AFAIK all goldfish have the potential to grow to 6-12" and live up to 25 years provided they have the minimum 30-45L _per fish_. Anything less and the fish end up stunted which significantly shortens their lifespan...


----------



## mike515 (Sep 12, 2006)

Trillian said:


> AFAIK all goldfish have the potential to grow to 6-12" and live up to 25 years provided they have the minimum 30-45L _per fish_. Anything less and the fish end up stunted which significantly shortens their lifespan...
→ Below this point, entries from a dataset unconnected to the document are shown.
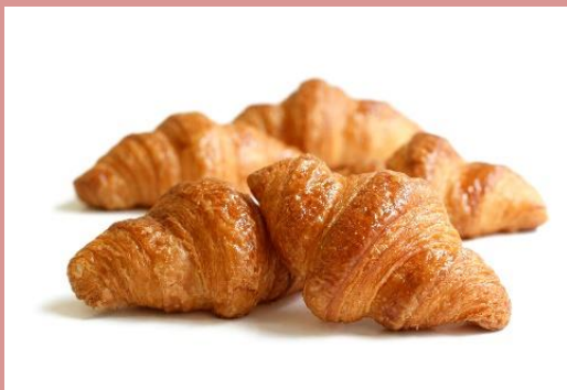
ミニクロワッサン (195 円/100g)

サクサクしていてほんのり甘い 小さなクロワッサン。 ミニワン定番の人気商品です。
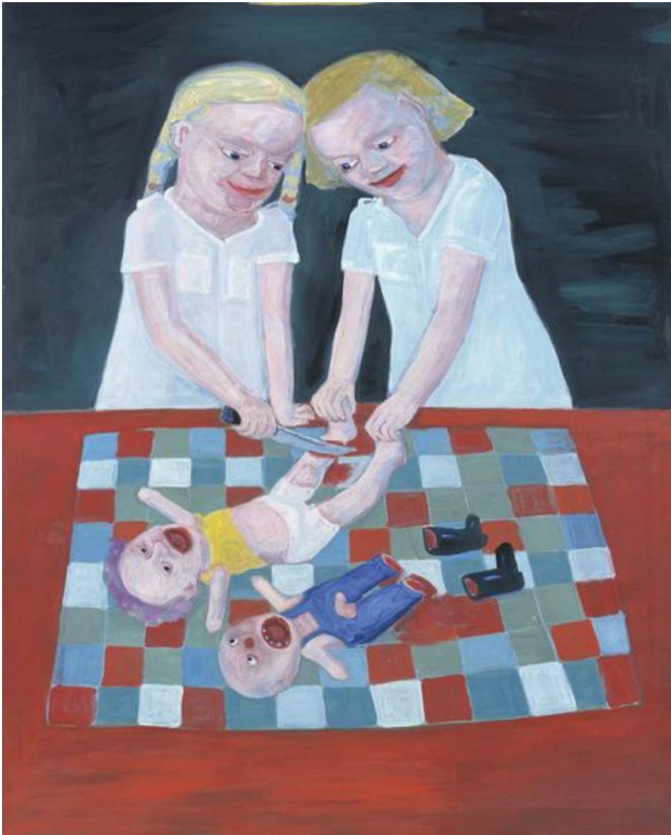
Lena Cronqvist, "Operation", 2001.
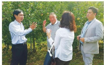
เยี่ยมชมการฝึกงานในแปลงฯ

กรมปศุสัตว์ สำนักงานการปฏิรูปที่ดินเพื่อเกษตรกรรม และสถาบันวิจัย พัฒนาพื้นที่สูง (องค์การมหาชน) จะเป็นหน่วยงานหลักในการคัดเลือกผู้แทนเยาวชนในอาชีพการเกษตรแขนงต่างๆ เดินทางไปฝึกงานภาคการเกษตรกับครอบครัวเกษตรกรญี่ปุ่น
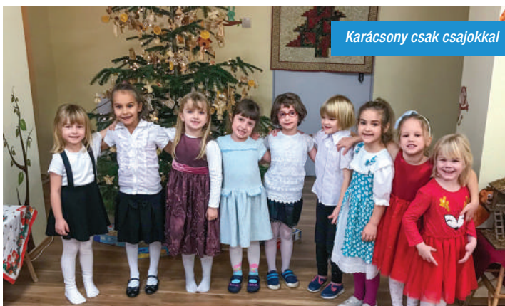
Karácsony csak csajokkal
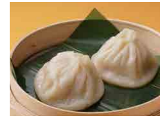
286 小籠包 ¥520
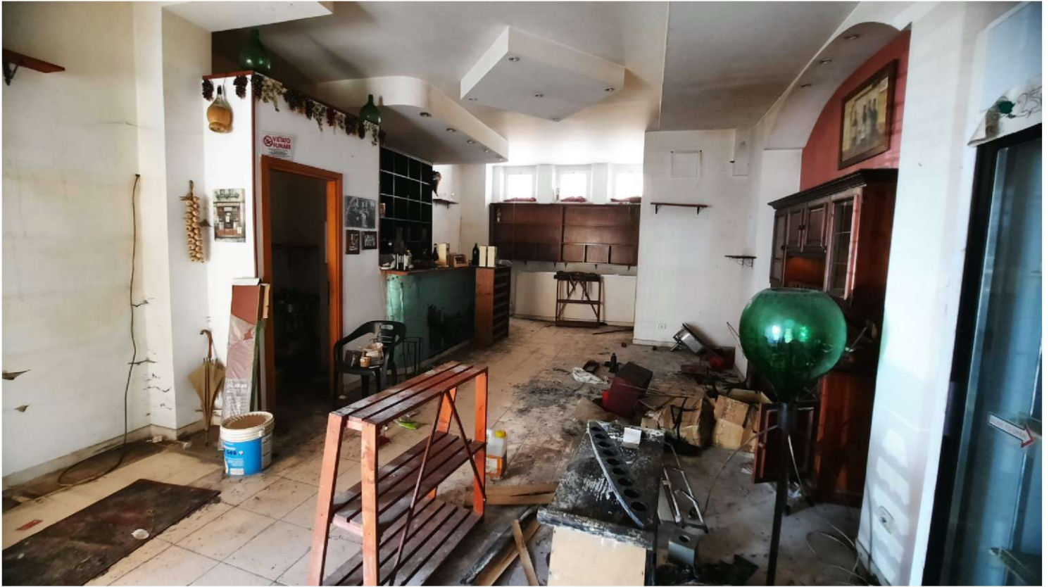
Foto 9 - 10 - Panoramiche del negozio al piano terra (Foglio n°26, Particella n°557 subalterno n° 388)
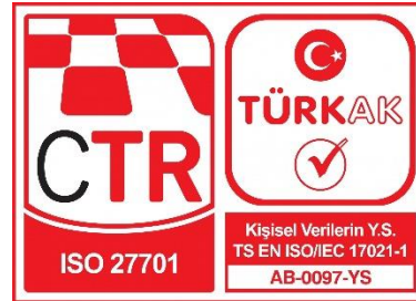
CTR TÜRKAK Akreditasyonlu ISO 27701
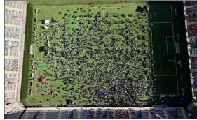
Para llenar el álbum completo, es necesario reunir 980 láminas. Las más buscadas corresponden a Lionel Messi y Cristiano Ronaldo.

Con el sueño de lograr juntar las 980 láminas de las 48 selecciones participantes del Mundial 2026, más de 8 mil personas llegaron ayer hasta el Estadio Bicentenario de La Florida para participar en la denominada "Gran Cambiatori" del álbum futbolero.

so a 12" goldfish in 30 litres. hmmm, may want to rethink that theory there


----------



## ip3kid (May 21, 2008)

blackbat67 said:


> no they shouldn't really, it's as simple as that
> 
> although if you like just put a small goldfish in, changed the water regularly, then moved it to a bigger tank when it needs one, there shouldn't be any problems
> 
> IMO


actualy they are now making "Goldfish" Bowl Filters :O


----------



## mike515 (Sep 12, 2006)

ip3kid said:


> actualy they are now making "Goldfish" Bowl Filters :O


so that makes it ok then does it?


----------



## incywincy (Aug 7, 2008)

how hardcore are u m that u can argue 4 goldfish


----------



## mike515 (Sep 12, 2006)

incywincy said:


> how hardcore are u m that u can argue 4 goldfish


 
what? english please lol


----------



## Esfa (Apr 15, 2007)

mike515 said:


> what? english please lol


"How hardcore are you, Mike? You can argue for goldfish!"
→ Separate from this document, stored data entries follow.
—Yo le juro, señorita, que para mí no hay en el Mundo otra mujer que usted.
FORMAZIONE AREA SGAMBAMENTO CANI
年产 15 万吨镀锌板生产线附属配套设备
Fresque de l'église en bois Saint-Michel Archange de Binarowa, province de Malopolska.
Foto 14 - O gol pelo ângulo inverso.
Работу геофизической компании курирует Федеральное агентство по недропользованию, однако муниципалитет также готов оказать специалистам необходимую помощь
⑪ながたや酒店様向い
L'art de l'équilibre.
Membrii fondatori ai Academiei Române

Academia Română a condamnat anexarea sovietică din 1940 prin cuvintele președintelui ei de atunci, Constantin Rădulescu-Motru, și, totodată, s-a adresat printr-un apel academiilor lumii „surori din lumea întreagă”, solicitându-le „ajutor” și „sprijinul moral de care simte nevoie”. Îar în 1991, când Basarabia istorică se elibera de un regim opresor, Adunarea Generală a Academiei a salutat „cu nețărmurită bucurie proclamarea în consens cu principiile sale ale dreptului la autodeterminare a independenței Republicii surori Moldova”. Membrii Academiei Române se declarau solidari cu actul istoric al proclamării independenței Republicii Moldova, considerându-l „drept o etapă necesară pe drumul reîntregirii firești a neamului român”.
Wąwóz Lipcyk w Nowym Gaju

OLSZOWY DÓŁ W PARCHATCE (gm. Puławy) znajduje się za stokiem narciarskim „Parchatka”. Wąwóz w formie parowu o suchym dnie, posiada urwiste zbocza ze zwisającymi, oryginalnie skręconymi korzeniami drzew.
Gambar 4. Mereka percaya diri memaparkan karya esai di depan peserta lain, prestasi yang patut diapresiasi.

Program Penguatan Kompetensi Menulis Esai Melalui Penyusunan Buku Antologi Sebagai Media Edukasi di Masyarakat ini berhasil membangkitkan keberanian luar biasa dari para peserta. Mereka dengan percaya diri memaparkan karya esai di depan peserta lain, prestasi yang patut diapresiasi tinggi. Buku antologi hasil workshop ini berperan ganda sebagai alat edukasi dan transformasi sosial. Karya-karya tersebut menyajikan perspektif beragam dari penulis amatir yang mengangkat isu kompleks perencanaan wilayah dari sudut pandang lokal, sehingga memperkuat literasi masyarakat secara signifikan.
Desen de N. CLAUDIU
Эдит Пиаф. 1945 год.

I speak their language. :no1:


----------



## AshMashMash (Oct 28, 2007)

Esfa said:


> "How hardcore are you, Mike? You can argue for goldfish!"
> 
> I speak their language. :no1:


LOLOLOL. "Mike" was shortened to "m". hahahha.


----------



## mike515 (Sep 12, 2006)

Im so hardcore I make mountains look soft lol. grrrrr.


----------



## Trillian (Jul 14, 2008)

mike515 said:


> so a 12" goldfish in 30 litres. hmmm, may want to rethink that theory there


Ok, a 6" goldfish in 45L then...:Na_Na_Na_Na:


----------



## Snakes r grreat (Aug 21, 2006)

If you want to have a general chat about the ways of the world, please do it in off topic. 

Also, please dont make sexual references in this section, of ANY sort!


----------



## AshMashMash (Oct 28, 2007)

Snakes r grreat said:


> If you want to have a general chat about the ways of the world, please do it in off topic.
> 
> Also, please dont make sexual references in this section, of ANY sort!


Oops, my bad. Soz.


----------



## Hedgewitch (Feb 12, 2008)

ash... i would expect no better from you

anyway, yeah, goldfish bowls are unsuitable for anything, too high temp fluctuations amongst other things.
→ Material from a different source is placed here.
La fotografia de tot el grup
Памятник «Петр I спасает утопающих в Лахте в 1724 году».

never knew about the growth stunting thing, i feel ashamed about the whole "fish grow to the size of their tank" thing... i thought that was just true untill about a month or 2 ago, and i've been keeping fish for the last 9 years

*shame*


----------



## mike515 (Sep 12, 2006)

Trillian said:


> Ok, a 6" goldfish in 45L then...:Na_Na_Na_Na:


 
yeah still no. I wouldn't keep a 6" fish in anything short of 100l



snakes, what sexual references? I didn't notice any lol


----------